Even the wrestling was bent. And not just because of the sham fights, with heels and blue-eyes working out all their moves in the dressing-room. The promoters were at it too. The top end of the business — because a sport is something it’s never been — was ruled by a cartel called First Promotions, which in turn was dominated by a tight clutch of Yorkshiremen. They bagged all the public’s favourite wrestlers and froze out any would-be rival promoters. Before long, the cartel was raking in £15,000 a week from TV rights alone. Of that, once “expenses” had been deducted, a couple of hundred quid tops would trickle down for the featured wrestlers to split between them. Jimmy Savile’s own bouts were promoted by Relwyskow & Green, two of First Promotions’ leading lights. By the mid-Seventies one of the Crabtree brothers, Max, was running the whole show.
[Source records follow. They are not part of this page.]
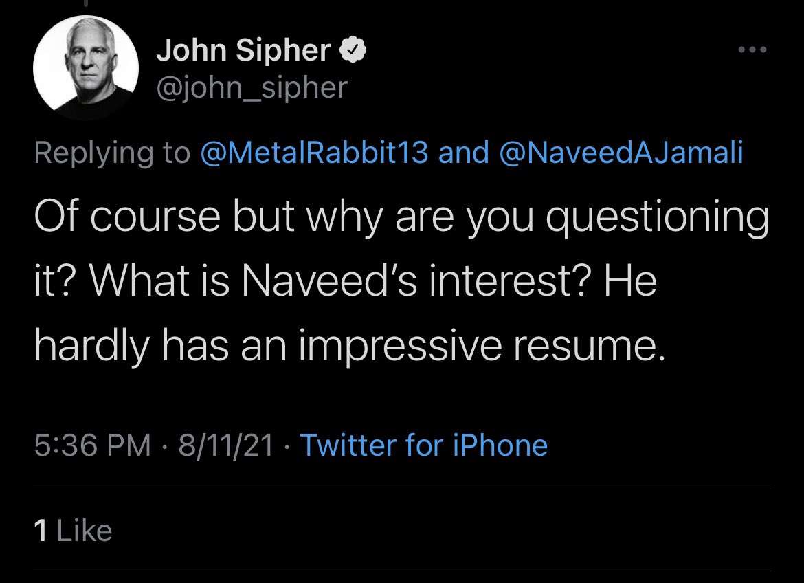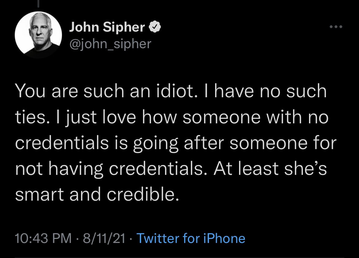 Cliff notes: @john_sipher has been attacking me for pointing out @MollyMcKew mislead or lied to Congress, problem is Sipher has ties to McKew. In sum he’s personally vested in her not being a fraud.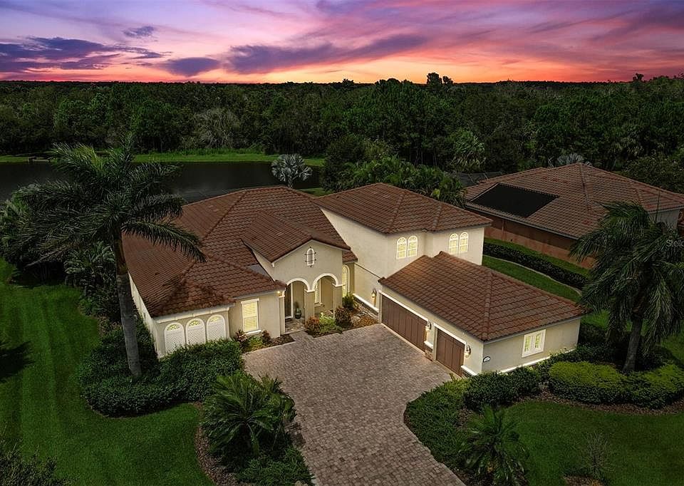 From the pages of a magazine comes this extraordinary home in the sought after Rye Wilderness Estates. This fabulous home is better than a model, with unrivaled attention to details and unparalleled finishes, a lavish outdoor area with summer kitchen, a magnificent salt water heated pool and spa, w/water features, beach shelf, travertine floors and pond with preserve views will surely take your breath away. Great curb appeal. The gourmet kitchen features a center island, backsplash, SS appliances with decorator vented hood to the outside, under counter lighting, walk-in pantry, and solid soft close wood cabinetry with pullouts. All this opens to Family room with large sliding doors. The masters suite is spacious with solid wood floors, his and hers walk in closets along with a luxurious bathroom that includes a separate shower, dual sinks and a garden tub to relax, with adjacent wood floor office. Up the stairs is a spacious bonus room that can be your fifth bedroom with its own bathroom or a perfect play room/TV room for the whole family to enjoy. The spacious laundry room has upgraded solid wood cabinetry. Jack and Jill with gorgeous bunk beds. Another bedroom with its own bathroom and walk in closet. In addition to all of this, this home boasts a side load 3 car garage. Plantation shutters and crown molding thru out the entire house adds elegance. Rye Wilderness is situated only approximately 10 minutes to the interstate and 30 minutes to world famous beaches, near top Manatee schools, close to St-Pete, Tampa and Sarasota. NO CDD's in this neighborhood. Fences allowed. Comes with one year AHS home warranty.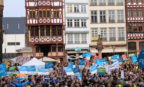 Vor der malerischen Kulisse des Römerberges in Frankfurt am Main Flughafen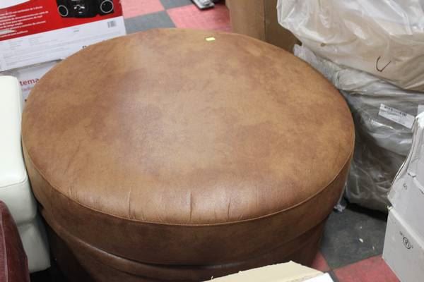 BROWN MICROFIBRE ROUND OTTOMAN NEW IN PKG

We may never find out who Jimmy Savile really was: whether the entertainer, the philanthropist, the discotheque pioneer, the loner, the Bevin Boy, the loyal company man, the daft-coiffed eccentric, the secure-mental-hospital administrator, the all-in wrestler, the sociopath, the counsellor to royalty, the morgue attendant, the marathon runner or the serial sex fiend. At various times he was all those things. But it seems that from the early Fifties until at least the mid-Sixties he was, above all, a crook.